Throughout my graduate studies at Georgia Tech, I have been heavily involved with outreach programs within and outside of Georgia Tech. In Jan. 2017, I joined the “Engineers for a Sustainable World Education Outreach” team in an effort in tutoring students at Henry W. Grady High School in Atlanta. The goal of this program is to help prepare minority high school students with their exams and classes. I became involved as an officer in student chapter organizations, including the American Society for Engineering Education (ASEE) (2017-2018) and Electrochemical Society (ECS) student chapter (2017 to present) at Georgia Tech where I contributed to organize various on-campus events to highlight research and teaching methods in STEM education. In my current role as the president of the ECS Georgia Tech student chapter, I have been leading various outreach activities to promote and encourage the culture of diversity and inclusion in the STEM program. We frequently participate in various outreach programs and demonstrate tangible electrochemistry-related systems for K-12 students in the Atlanta metropolitan area. For example, I led a group of engineers and scientists at Georgia Tech to demonstrate a proton exchange membrane (PEM) fuel cell technology. These programs were targeted to promoting STEM education for diverse student groups with a particular emphasis on historically underserved and underrepresented minorities. In addition, on September 27, 2019, I co-organized the ECS local conference at Georgia Tech with participants from Auburn University, South Carolina, Pine Instruments, and Georgia Tech. Our organization activities are usually highlighted in the ECS interface magazine (please visit the Spring 2020 issue of interface magazine at this link, pp. 84-85).

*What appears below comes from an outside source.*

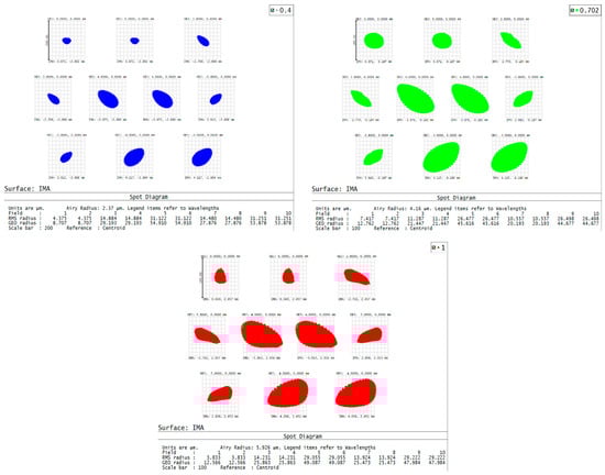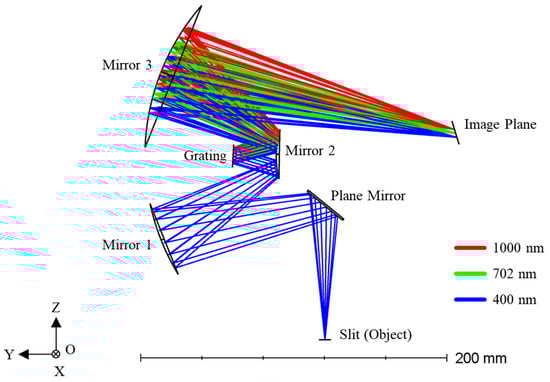 Based on the data summarized in Table 3, a hyperspectral imaging camera operating in the 400–1000 nm wavelength range was designed. Figure 5 shows the ray tracing simulation of the system in Zemax OpticStudio (2023 R1.00, 64-bit). The optical path proceeds as follows: incident light first enters the system through the slit (Object), is redirected by a flat folding mirror, and then arrives at the off-axis concave mirror (Mirror 1). Mirror 1 and Mirror 2 collimates the beam and directs it toward the plane grating, which served as the spectral dispersive element. The dispersed beams of different wavelengths are then converged by the concave mirror (Mirror 2) and ultimately form distinct spectral lines on the image plane. The diagram clearly illustrates the ray paths for three characteristic wavelengths: 400 nm (blue), 702 nm (green), and 1000 nm (red).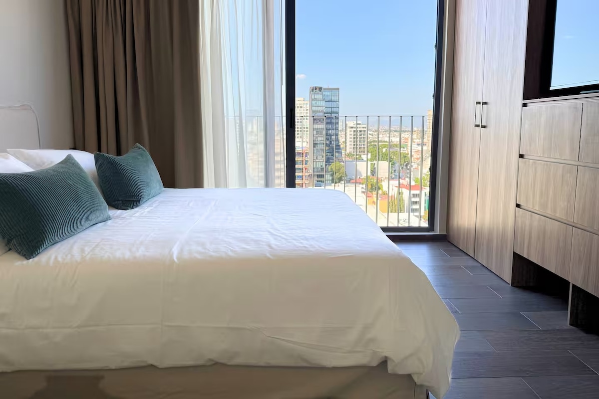 - Piscina de natación en el piso 22. - Hermoso gimnasio con vistas a la ciudad. - Totalmente equipado para estancias largas. - Estacionamiento disponible (con costo adicional) - Servicio de limpieza: una vez a la semana para reservas de más de 7 noches. Ya sea que viaje por trabajo o por placer, disfrutarás de este moderno estudio en una nueva torre de lujo en el barrio de Providencia, cerca del centro comercial Midtown Jalisco.

I led a group of Georgia Tech students to host an exhibit table at Saint Philip’s career resource ministry’s 12th Annual Science, Technology, Engineering, Mathematics, and Service (STEMS) career fair for lower, middle, and high school students in the Atlanta metropolitan area. The event hosted 50 exhibitors and 300+ students in all grades. The focus was on hands-on activities in the exhibit hall.

As a student researcher at Laser Dynamics Laboratory (LDL) at Georgia Tech, we have been frequently holding lab tours to highlight our research activities in the lab with underrepresented high school students in the Atlanta area. Our research group has been very active in educating under-represented minority students. We typically attract and train 2-3 undergraduate students in the NNIN or REU NSF summer program. More than half of these students are females or African-Americans. Groups from high schools around the Atlanta metropolitan area that serve the minority communities frequently come to our lab to learn about lasers and nanotechnology. We showcase our nanotechnology-related work with middle school and high school minorities. One of the goals of these activities is to encourage middle and high school underserved and underrepresented minorities to pursue a college degree and later graduate degrees at Georgia Tech.